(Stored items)
__________________________________________________
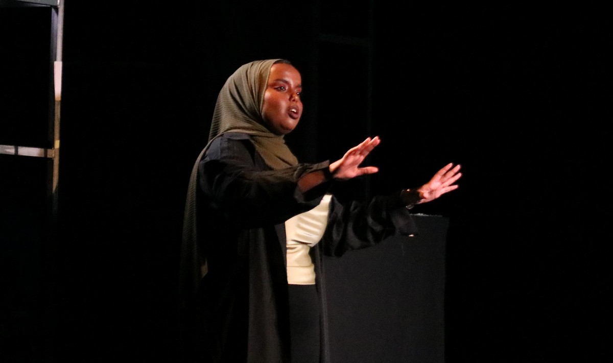 I spoken word ska orden ha huvudrollen. Dom estradpoeter jag mött har pratat på utan rekvisita, men med mycket attityd och nyanser i orden. Och Farhiya Feysal har järnkoll på sitt språk. Hon liksom mejslar fram sina bilder och sitt budskap. Upprepar när det behövs. Både för innehållet men också för Faisal språkrytmen. Det svänger om hennes berättande. Och fast hennes berättelsecollage är långt finns här inga longörer.
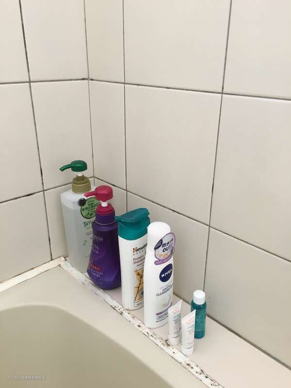 如果你每次洗完澡不顺便把淋浴间这种小平台擦拭干净的话,防水条就会如图中一样发霉(这间是我爸妈使用的,拍照是要当示意图,然后拍完照后我就拿清洁剂把它处理干净了...)!
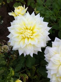 Георгин Cynthia Louise (Синтия Луиза). Очень крупный, диаметр цветка 25 см, центр желтый, лепестки кремовой окраски, эффектные, придают объем и экстравагантность. Цветоносы прочные, идеально подходит для срезки.
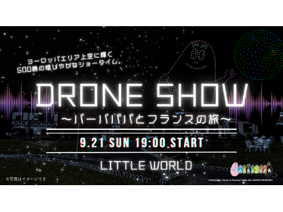 本ドローンショーは、リトルワールドにて開催されるフランス生まれの人気キャラクター「バーバパパ」とのコラボレーションイベント「ドローンショー~バーバパパとフランスの旅~」で、SkyDriveが企画・運航を担当します。500機のドローンがリトルワールドのヨーロッパエリア上空の夜空にバーバパパを描き、フランスの風景へと誘います。
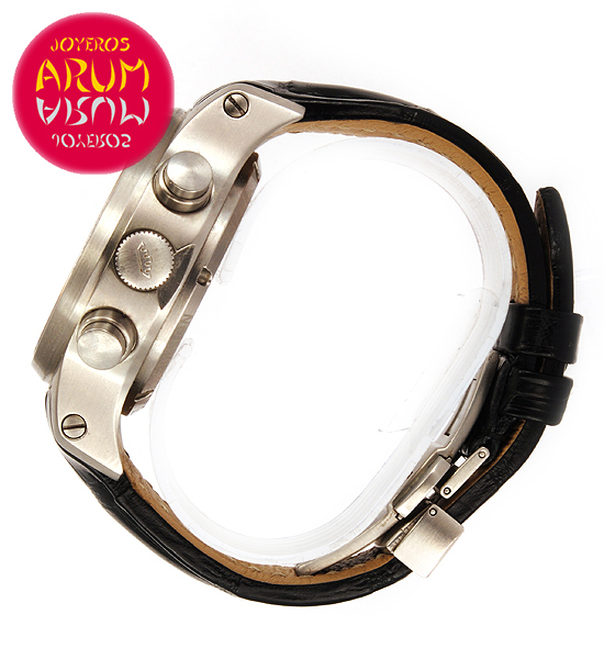 Other specifications :limited edition 100 pieces, chronograph, datel alarm, UTC, GMT, am/pm, two spring barrels: one powers the time measuring functions of the piece (including the chronograph,) and the other provides energy for the alarm module, luminiscence, back transparent caseback. Year 2013.
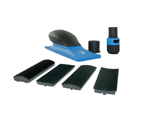 Hebel ręczny 70 mm x 198 mm z odsysem. Posiada 4 wymienne stopy, jedną płaską i 3 zakrzywione, co umożliwia szlifowanie prostych I dopasowanie do różnych zaokrąglonych powierzchni. System odciągu urobku, z różnymi łącznikami
__________________________________________________
◆ **About this exercise**: Starting with the first line of the records above and stopping after the line containing "如果你每次洗完澡不顺便把淋浴", repeat every line exactly and leave out the pictures.

◆ **Answer section**:
 I spoken word ska orden ha huvudrollen. Dom estradpoeter jag mött har pratat på utan rekvisita, men med mycket attityd och nyanser i orden. Och Farhiya Feysal har järnkoll på sitt språk. Hon liksom mejslar fram sina bilder och sitt budskap. Upprepar när det behövs. Både för innehållet men också för Faisal språkrytmen. Det svänger om hennes berättande. Och fast hennes berättelsecollage är långt finns här inga longörer.
 如果你每次洗完澡不顺便把淋浴间这种小平台擦拭干净的话,防水条就会如图中一样发霉(这间是我爸妈使用的,拍照是要当示意图,然后拍完照后我就拿清洁剂把它处理干净了...)!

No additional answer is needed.